Watching “First They Killed My Father” with Survivors of the Cambodian Genocide

First They Killed My Father by Loung Ung holds a large piece of my heart. As a teen, in an attempt to find my mom’s lost sister, I scoured the internet searching for hope. Hope did not come in the form of finding my aunt (there is no closure with the unknown – did she survive or did she pass?) but it did come by finding an author with my mom’s maiden name and her memoir. I read the book and realized my mom and her family were not alone. This book opened my mind to genocide worldwide and how important it is to preserve their stories and not let them fade over time. I never saw my relatives the same afterward. Their loving smiling faces once endured something so horrific that nearly a quarter of their population was wiped out. From my mom’s family alone, the Khmer Rouge stole the life of my grandfather and one uncle, and the fate of one aunt is unknown.

Because of my nephew’s first birthday party, we had relatives staying with us this weekend. On Saturday, my mom and dad, my mom’s eldest sister, my mom’s only surviving brother and his wife (who also went through this) and my two cousins and I gathered around the tv in the living room and watched the film adaptation together.
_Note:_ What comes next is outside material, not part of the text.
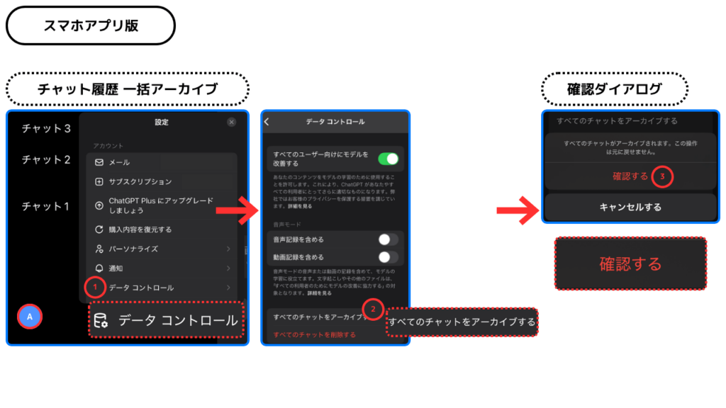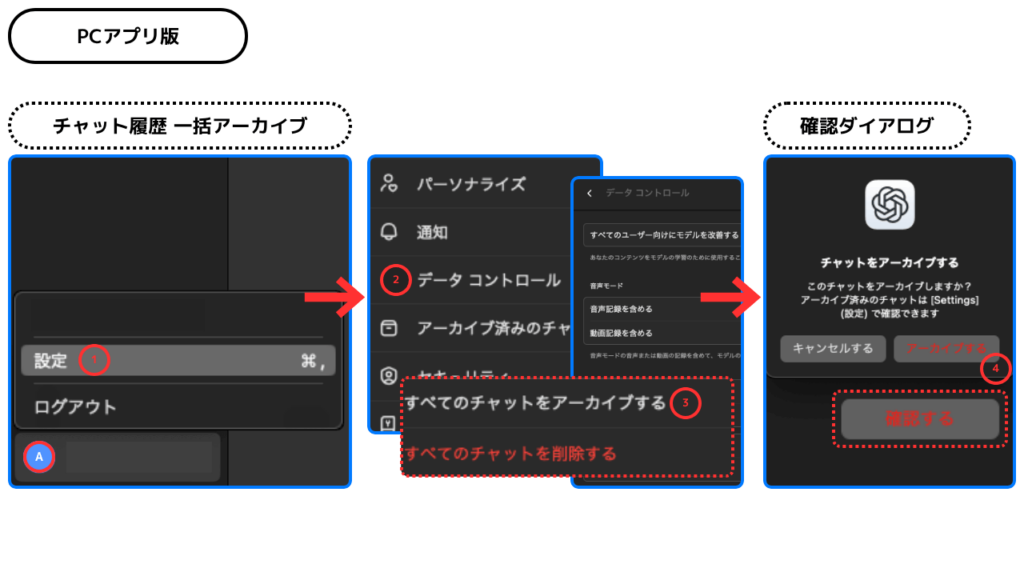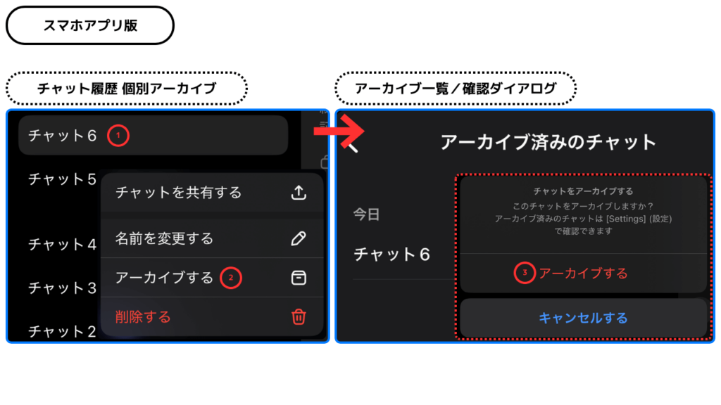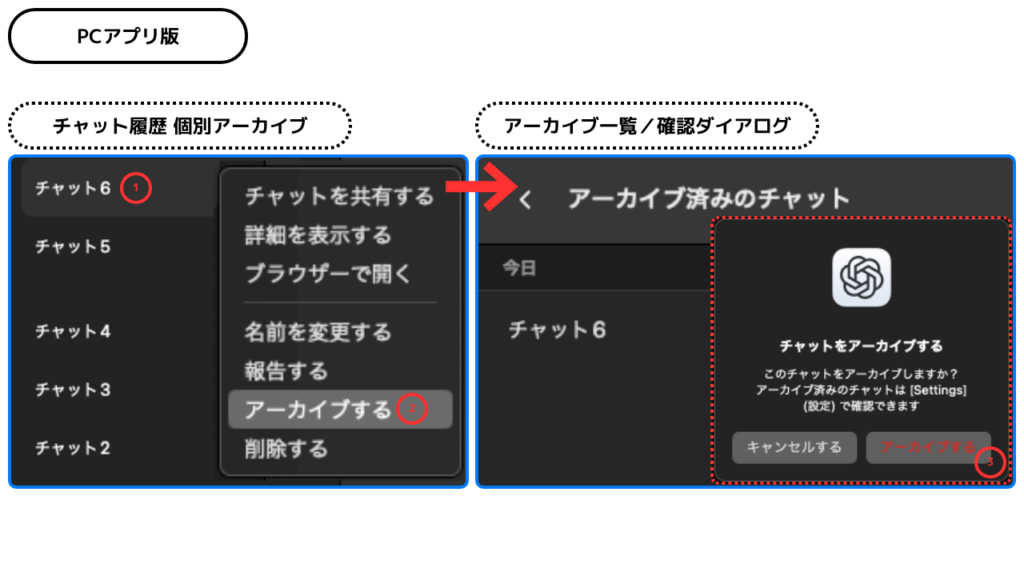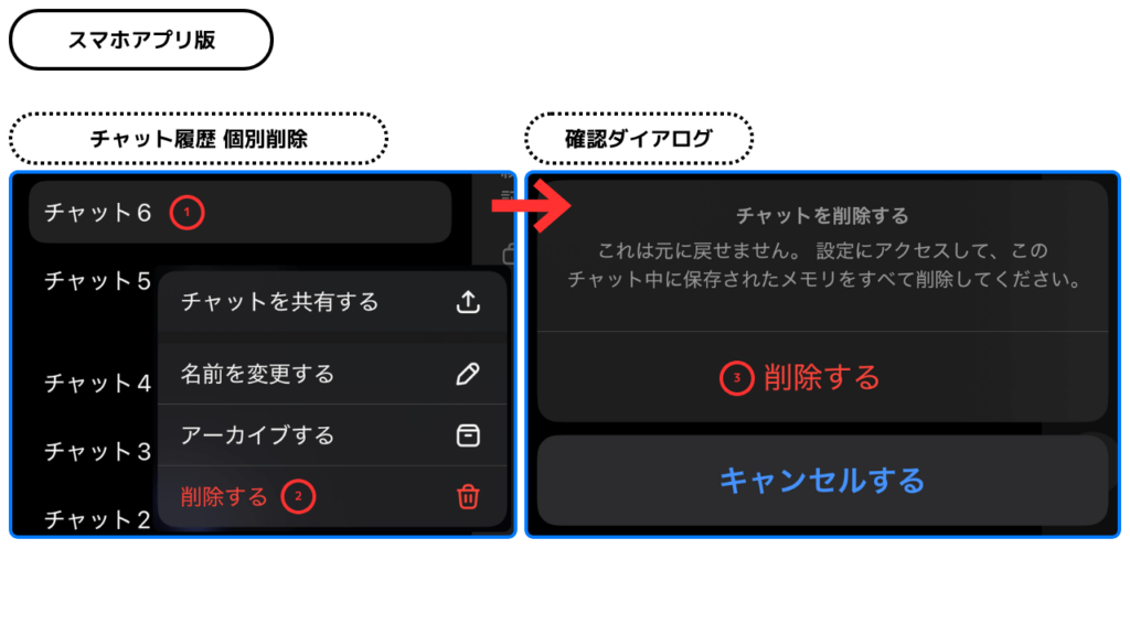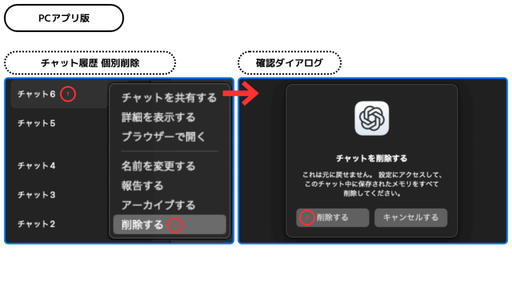 - ChatGPTにはゴミ箱がなく、履歴は削除と同時に復元不可となるため、重要な会話は事前に保存が必須

There was something deeply bonding by having them watch with me and gravitas of four survivors in my living room was heavy on my heart. Their experiences added to everything I saw and felt from the screen. It brought up questions I hadn’t asked before [“Did they also specifically say it was the Americans attacking when they knocked on your door?”] and memories I had heard before [“They gave us a watery rice soup that was all liquid. One time I counted out the grains of rice and it amounted to 17 pieces.”]

Tears rolled down our cheeks as we silently took in the difficult scenes. About halfway through, my uncle got up to use the restroom and never returned back to the couch. One of my cousins checked on him and found out he was sleeping in the guest room. Without trying to assume too much, I can only guess that the main character in the film hit him harder than his sisters because of age. As the youngest of the family, he was about the same age as Loung when the country fell, and seeing a child that young brought back a flood of memories and innocence lost. My mom and eldest aunt were both college graduates but he was only a child.

“Your uncle was drafted by them, just like Loung. Young brilliant minds were wanted to be able to brainwash.”

The next day at my nephew’s party, nearly half the guests over 40 were survivors of the Cambodian Genocide too, and between the celebrating and fun, I paused and took that to heart. I know so many strong incredible people who have rebuilt their lives here in the United States, each one with a deeply personal and moving story of their own.